Kooyong Stadium, at the Kooyong Lawn Tennis Club, is an Australian tennis venue, located in the Melbourne suburb of Kooyong. The stadium, was built in 1927, and has undergone several renovations. 

It has a seating capacity of slightly more than 5,000. At its peak the stadium was capable of hosting up to 15,000 patrons.

History
Kooyong was the venue for the Australian Open, whenever that tournament was held in Melbourne, becoming the permanent venue from 1972 to 1987. It was the last Australian Open venue to play on grass courts. 

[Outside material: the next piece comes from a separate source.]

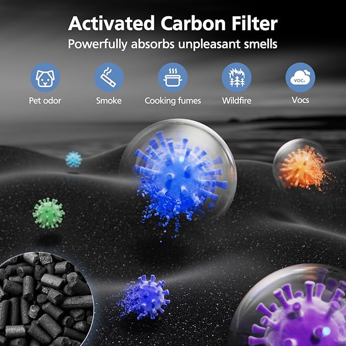 - ๐-๐ข๐ง-๐ ๐๐ข๐ ๐ก ๐ ๐ข๐ฅ๐ญ๐ซ๐๐ญ๐ข๐จ๐ง- The H7124/H712c air purifier filter for GoveeLife features 3 layers protection: โ nylon-pre-filter for visible larger particles like hairs, pet fur, โก hepa for unltra-fine airborne pollutants like pollen, pet dander, tiny dust,โข activated carbon for unpleasant smells like smoke, cooking fumes, providing a healthier and more pleasant indoor environment.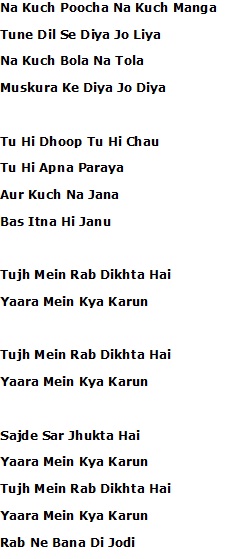 Lirik Tujh Mein Rab Dikhta Hai / Salah satu lagu popular dalam film tersebut adalah tujh mein rab dikhta hai.

The tournament was moved to the hard courts of Melbourne Park in 1988. Now a hard-court surface, it remains the venue for the Kooyong Classic exhibition tournament.

Kooyong has also hosted several Davis Cup ties and finals, including the 1986 Davis Cup Final which saw Australia defeat two-time defending champions Sweden 3–2 in late December. The stadium hosted a tie for the 2016 Davis Cup against the USA in March 2016 on a portable grass court. 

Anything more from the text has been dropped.